Qian Jiaju (千家驹; 1909–2002) was a Chinese economist and a leading figure in the Chinese People's Political Consultative Conference (CPPCC) and in the China Democratic League.

==Life==
Qian was born in Wuyi county, Zhejiang province, and graduated from the Department of Economics at Peking University in the 1930s. During the Hundred Flowers Campaign (1956–1957), he criticised the Chinese Communist Party for its political interference in science and technology. However, in 1967, during the Cultural Revolution, he was labeled a follower of Liu Shaoqi and faced persecution. After emerging in the 1980s, Qian continued to speak out against various government policies including the role of the National People's Congress (NPC), the Three Gorges Dam Project, and the economic austerity measures of Li Peng in 1988-1989. In 1989, he moved to the United States, where he embraced Buddhism.
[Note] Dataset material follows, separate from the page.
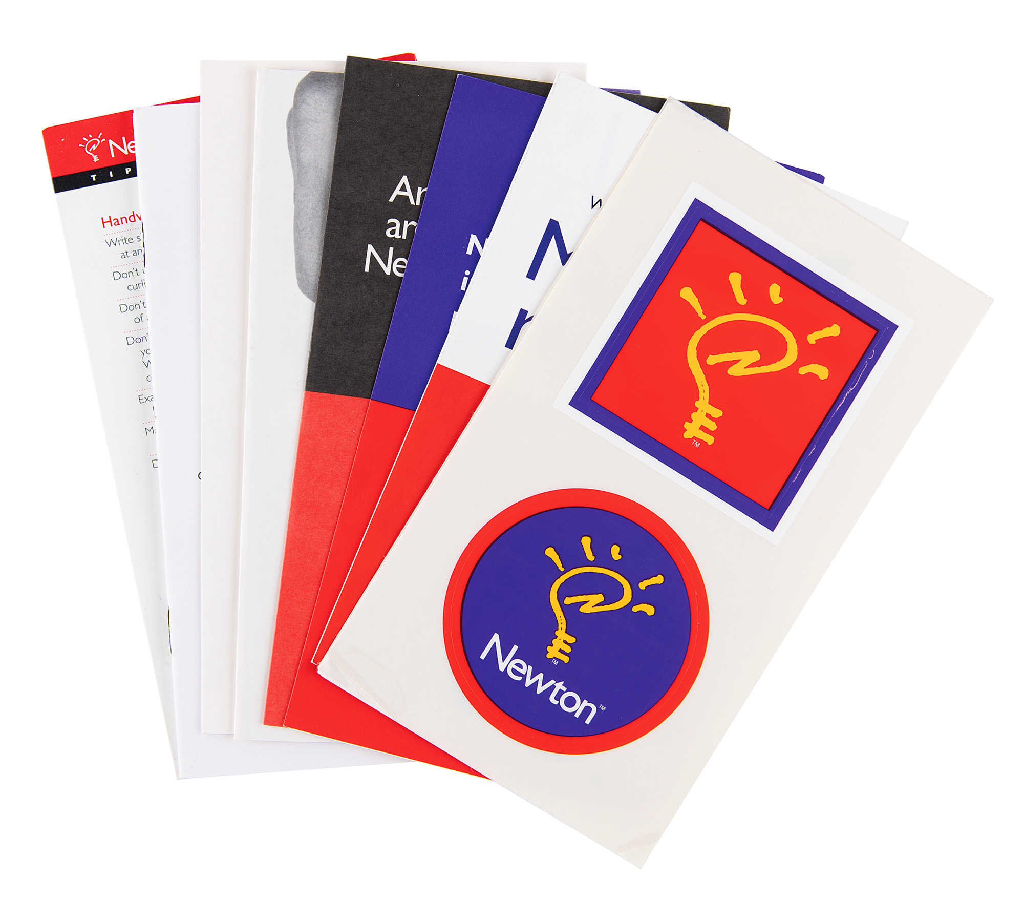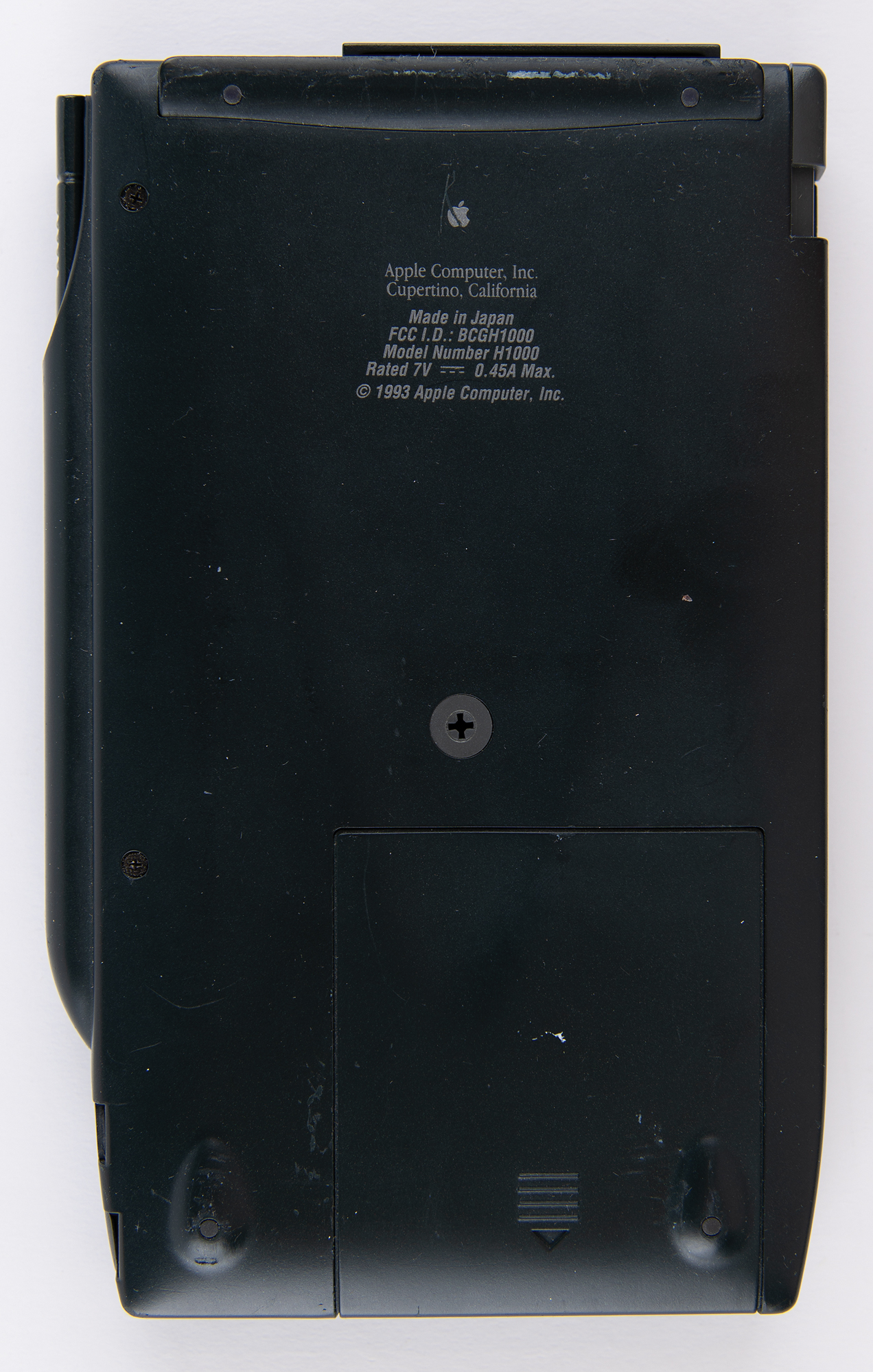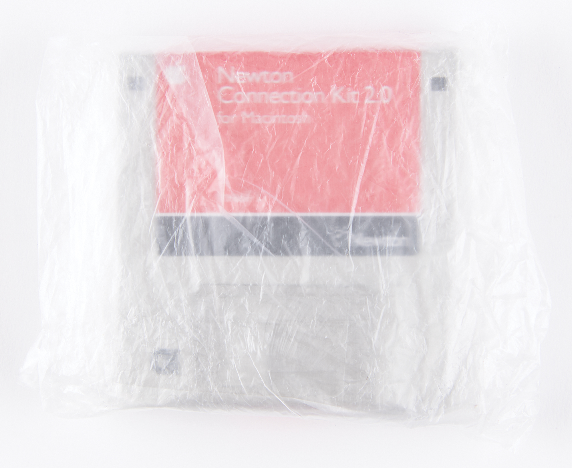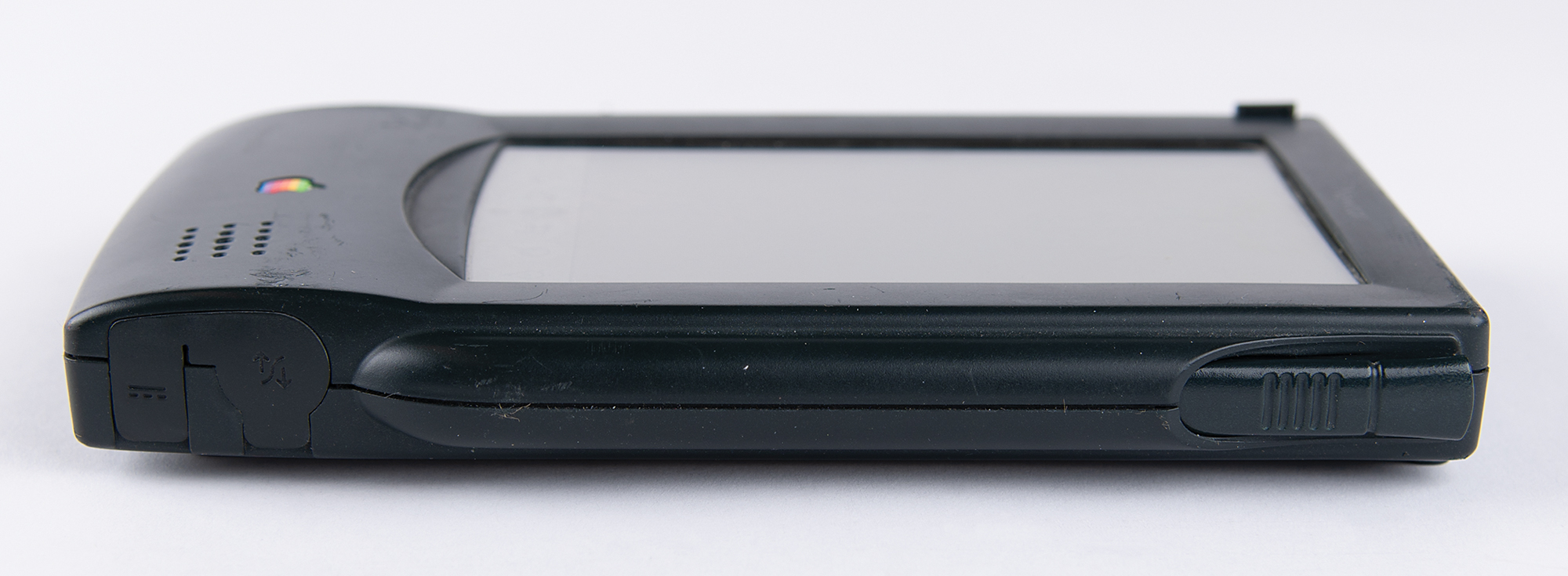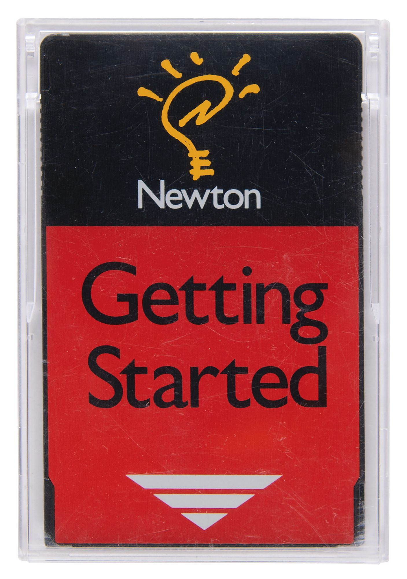 Newton MessagePad 100 personal digital assistant released by Apple Computer in 1993, which features a 20 MHz ARM 610 processor, 4 MB of ROM, 640k of RAM (150k usable), and infrared-beaming capabilities in a compact handheld case with a 336x240 pressure-sensitive monochrome display for use with a provided stylus. Includes Newton Connection Kit 2.0 discs for Macintosh (3) and Windows (3), a “Getting Started” cartridge, Apple PIE Developer Information Group CD #3, a Newton MessagePad handbook, and a Newton Information sleeve with associated literature and Apple and Newton decals. In fine condition.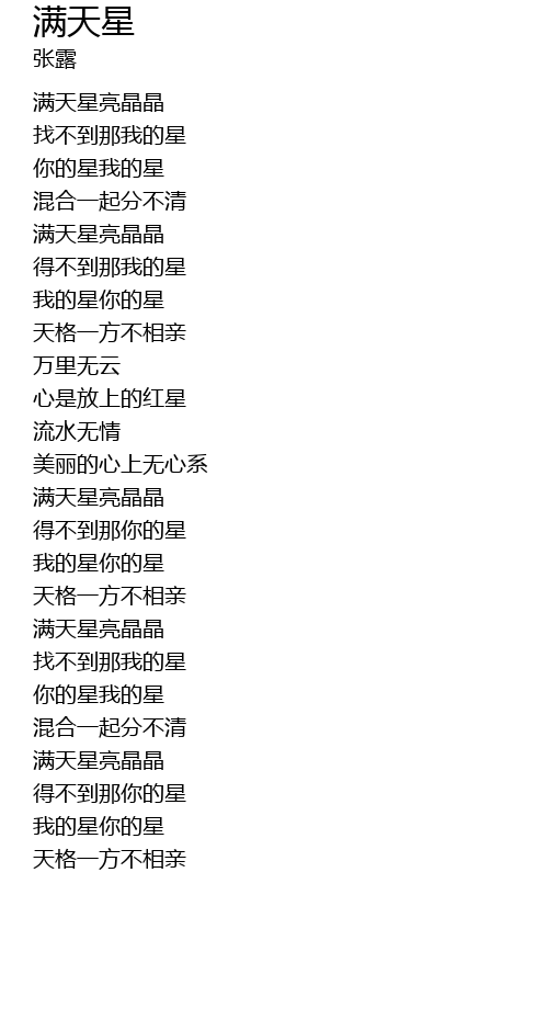 | [00:11.340] | 找不到那我的星 |

He later returned to China, and lived in Shenzhen, until his passing in 2002.

==Numismatics==
In addition to his economic and political work, Qian was also interested in numismatics, and co-authored (with Guo Yangang 郭彥岗) 中国货币演变史 (History of the Evolution of Chinese Money). He provided the calligraphy for the front cover of Qianbi Bolan, the quarterly journal of the Shanghai Numismatic Society.